Kalyana Vaibhogam is a 1997 Indian Tamil-language romance film directed by N. Rathnam, who had previously directed the film Chellakannu (1995). The film stars Ramki, Khushbu and Sangita, with Vadivelu, R. Sundarrajan, V. K. Ramasamy, Vennira Aadai Moorthy, Vijay Krishnaraj and Haja Shareef playing supporting roles. It was released on 5 September 1997. The film was a remake of the Hindi film Aaina (1993).

== Plot ==

Ramya and Shanthi are step-sisters. Ramya is arrogant while Shanthi is soft-spoken and sensitive. Sakthi is a writer and becomes popular by writing short stories in Tamil weekly magazines. Shanthi is Sakthi's avid fan, sends him letters every week anonymously, and she is in love with him. Sakthi really likes her letters and he decides to meet her, eager to confess his love.

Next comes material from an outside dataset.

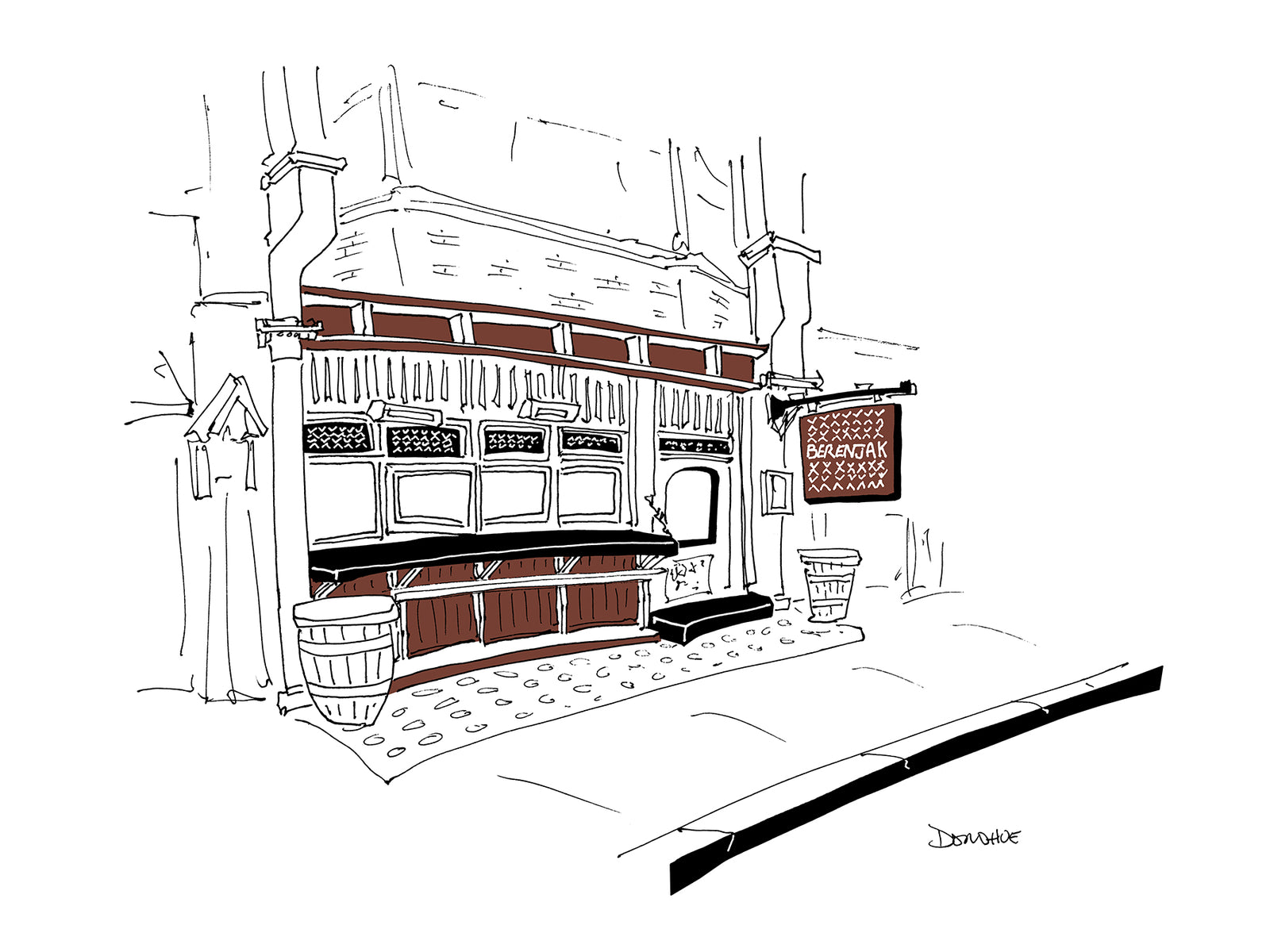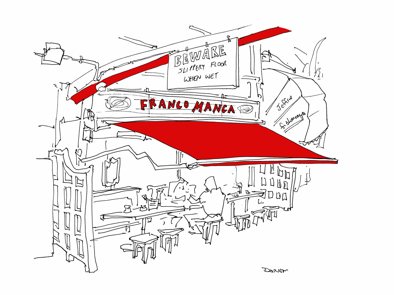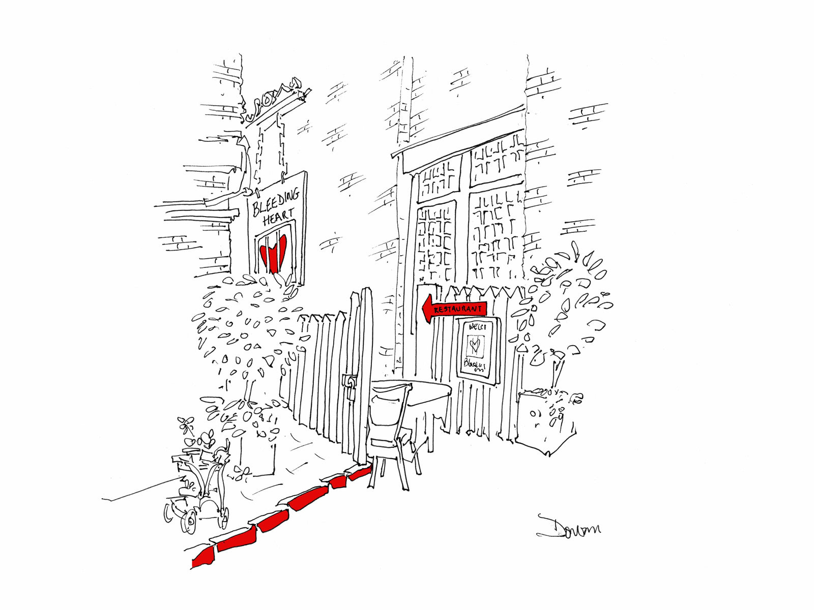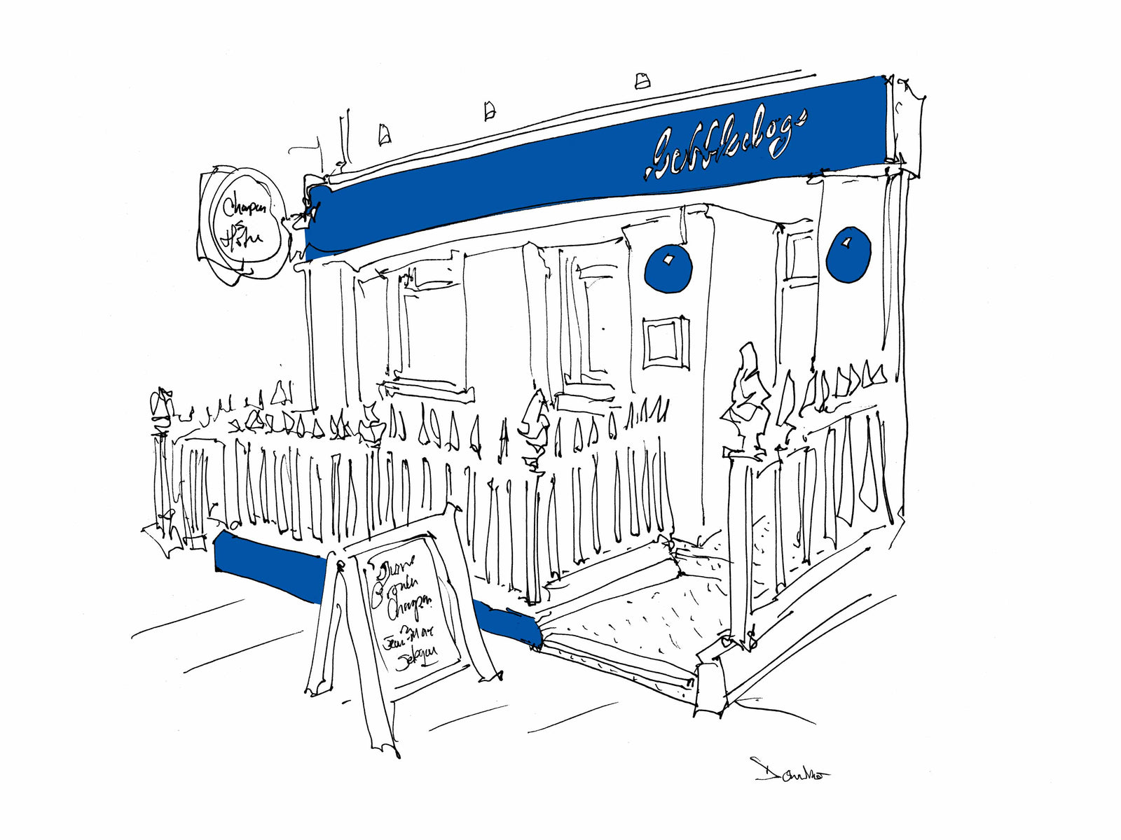 In the summer of 2018, I made two trips to London to draw its booming, pre-Covid, pre-Brexit restaurant scene. From Soho to Brixton and Hammersmith to Whitehall, I crisscrossed the city, sketching queues of diners, shiny new facades, and esteemed establishments. I'll be adding more prints here shortly, but if there's a place you might want now, drop me a line. I'll see if I've inked it in. I have 150 or so in the offing, so there's a good chance I have.

Sakthi thinks that the anonymous fan is Ramya. Later, Sakthi and Ramya fall in love. By luck, Ramya becomes a model, and thereafter her popularity grows rapidly. Sakthi and Ramya decide to get married whereas the heartbroken Shanthi remained silent. The day of the wedding, Ramya runs away with dreams of being a cinema actress and Ramya asks him to wait for him. Feeling betrayed, Sakthi cannot accept it and he finally marries Shanthi. They live happily until Ramya comes back. What transpires later forms the crux of the story.

== Soundtrack ==
The music was composed by Deva.

| Song | Singer(s) | Lyrics | Duration |
|---|---|---|---|
| "Vizhioda Aadiye Azhaga" | Mano, K. S. Chithra | Palani Bharathi | 4:24 |
| "Roja Poovile" | Mano, Swarnalatha | Navendan | 5:01 |
| "Hollywood Chance" | Malgudi Subha | 'Nellai' Arulmani | 5:00 |
| "Thaada Budala" | S. Janaki, Chorus | Ravi Bharathi | 4:35 |
| "Kanang Kuruviku" | S. P. Balasubrahmanyam, Swarnalatha | Pulamaipithan | 4:50 |

== Reception ==
Ji of Kalki praised director for taking the story in a straight line without wandering here and there while praising the performances of Khushbu, Sangita and humour and concluded saying if it had been handled a little shorter without sagging, it would have been an enjoyable film. Two years after release, the producers were given a ₹5 lakh subsidy by the then Tamil Nadu Chief Minister M. Karunanidhi along with ten other films.